Kristian Lyngstøl's Blog

Testing Varnish

Posted on 2012-04-19

  • How do I benchmark Varnish?
  • How do I make sure Varnish is ready for production?
  • How do I test Varnish?

These are questions I see people ask frequently, and there is no simple answer. In this blog post, I'll go through some of what you could do to test a Varnish-site.

What this blog post is not

This is not about benchmarking. I don't do benchmarking, never have. Why not? Because it's exceedingly hard and very few people succeed at proper benchmarking.

Neither is this a blog post about testing functionality on your site. You should be doing that already. I'll only say that you should test functionality, and it's often best done by browsing the site.

Also, don't expect it to be all that complete. Ask questions in comments and I might expand upon it!

What to test

Despite what most people ask about, the tools you chose are not nearly as important as what you want to test.

If you are hosting videos, I doubt testing request/second is a sensible metric. There are a few things you need to ask yourself:

  • What is going to be the bounding factor of my site? Bandwidth? Disk I/O? CPU? Memory? Something else?
  • How much of my site is it possible to cache?
  • Is there any way to tell ahead of time?

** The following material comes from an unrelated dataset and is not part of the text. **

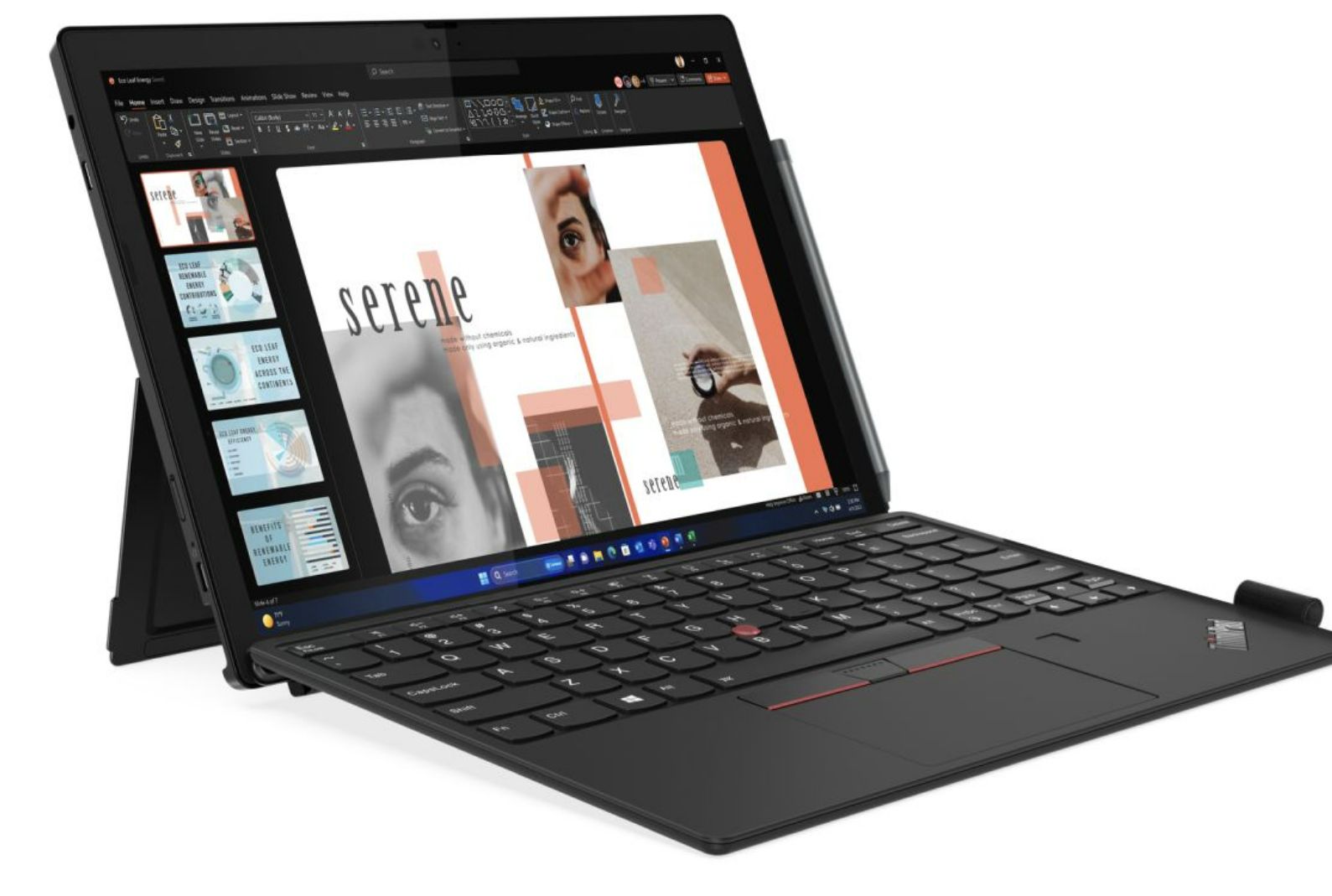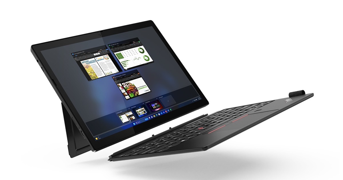 Laptopul are tastatura retroiluminata, trackpad despărţit şi un TrackPoint roşu, că pe vremuri, cu rol de mouse. Tableta dispune de un ecran de 12.3 inch IPS LCD cu aspect 3:2, cu protecţie Gorilla Glass, o cameră frontală de 5 megapixeli, cu suport pentru infraroşu, ,pentru recunoaştere facială. Suportă până la 32 GB RAM LPDDR5x dual channel, dar şi până la 1 GB stocare PCIe Gen 4x4 de tip SSD. Are două speakere, două microfoane, Dolby Audio, camera principală de 8 MP în spate.

These questions are important and they relate.

If your site is already in production under some different architecture, you are in luck. Your access logs can tell you a lot about the traffic pattern you can expect. This is a great start.

If this is a new site, though, it can be harder to estimate the answers. I recommend starting with How much of my site is it possible to cache?. If your site is mostly static content, then Varnish will be able to help you a lot, assuming you set things up accordingly. If it's a site for logged in users, you have a much harder task. It's still possible to cache content with Varnish, but it's much harder. The details of how to do that is beyond the scope of this post.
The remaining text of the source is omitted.